To test whether restoring normal inhibitory signaling could reverse the stress-induced effects, the team used pharmacological tools to prevent the excitatory switch. Administration of a compound known to enhance KCC2 function (CLP290) restored the transporter’s activity, normalized firing patterns in VTA dopamine neurons, and prevented the blunted dopamine response to ethanol. Treated, previously stressed rats consumed less alcohol than untreated stressed animals. Similarly, blocking stress hormone receptors or otherwise preventing excitatory GABA signaling also stopped the increase in alcohol self-administration.
These findings show that a neuroendocrine signal triggered by stress can shift inhibitory GABA transmission toward excitation in the ventral tegmental area, altering how the brain responds to alcohol and increasing the drive to drink. The work supplies a mechanistic link between stress exposure and increased alcohol intake and provides a tractable model for studying how stress reshapes reward circuitry.

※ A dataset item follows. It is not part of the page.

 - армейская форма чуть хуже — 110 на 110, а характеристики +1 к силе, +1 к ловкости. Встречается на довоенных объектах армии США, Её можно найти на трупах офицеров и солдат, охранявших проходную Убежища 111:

The study’s authors point out that this line of research could have relevance for people with PTSD, who face higher rates of alcohol and drug overuse. By identifying cellular and molecular steps—such as KCC2 downregulation and stress hormone receptor activation—that mediate the shift from inhibitory to excitatory signaling, researchers have potential targets to test compounds that normalize VTA function and reduce stress-related overconsumption.

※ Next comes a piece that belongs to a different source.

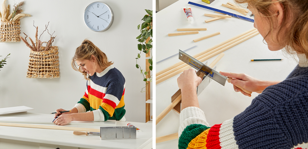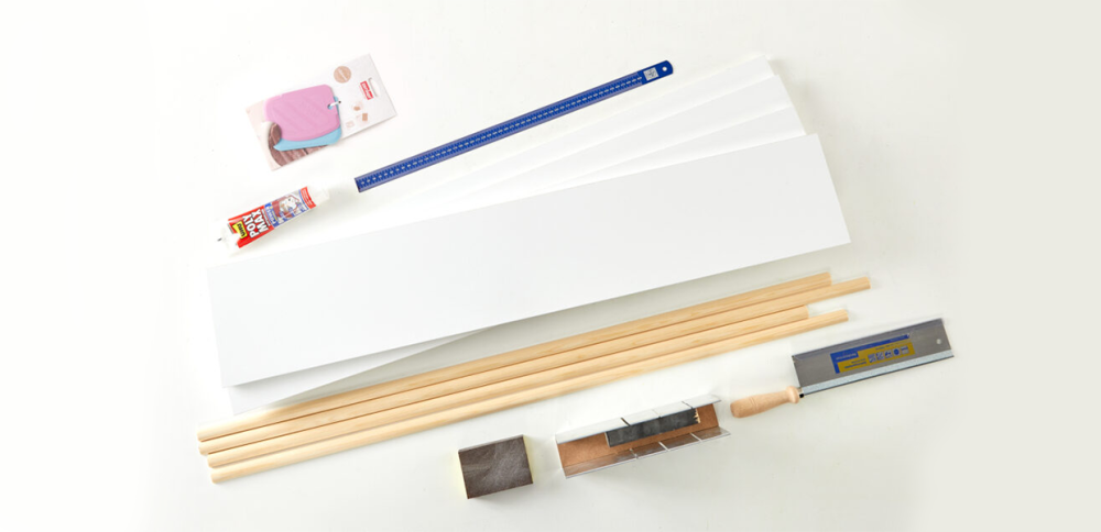 Започваме с полукръглите летвички. Първо те трябва да бъдат отрязани на подходящата дължина. За целта измери височината на чекмеджетата и отрежи летвичките спрямо тях.

Lead co-authors: Alexey Ostroumov and Alyse Thomas (Perelman School of Medicine, University of Pennsylvania).
Funding: Supported by the National Institutes of Health (NS21229, DA09411).
Original research: “Stress Increases Ethanol Self-Administration via a Shift toward Excitatory GABA Signaling in the Ventral Tegmental Area” by Alexey Ostroumov, Alyse M. Thomas, Blake A. Kimmey, Jordan S. Karsch, William M. Doyon, and John A. Dani. Published in Neuron, October 2016; DOI: 10.1016/j.neuron.2016.09.029.
• Stress increases voluntary alcohol self-administration in rodents.
• Prior stress attenuates alcohol-induced dopamine responses in the VTA.
• Stress shifts GABAergic signaling in the mesolimbic circuit from inhibitory to excitatory.
• Stress hormones impair KCC2 chloride-extrusion capacity, contributing to excitatory GABA signaling.
• Interventions that block stress hormone receptors or restore KCC2 function prevent both the blunted dopamine response and the rise in alcohol consumption.
Abstract
Stress is a known risk factor for subsequent alcohol abuse, yet the neural mechanisms linking stress and alcohol remain poorly understood. Addictive reinforcement and stress signaling converge on common circuitry, including the mesolimbic dopamine system. In rodents, pre-exposure to acute stress attenuates alcohol-induced dopamine responses and increases alcohol self-administration. The blunted dopamine signal arises because ethanol induces excitation of GABA neurons in the ventral tegmental area; this excitation depends on GABAA receptor activation and stress-induced downregulation of the K+, Cl− cotransporter KCC2. Blocking stress hormone receptors, enhancing KCC2 function, or otherwise preventing excitatory GABA signaling restores normal dopamine responses to ethanol and prevents increased alcohol intake. These results demonstrate that stress alters neural and behavioral responses to alcohol by shifting inhibitory GABA transmission toward excitation.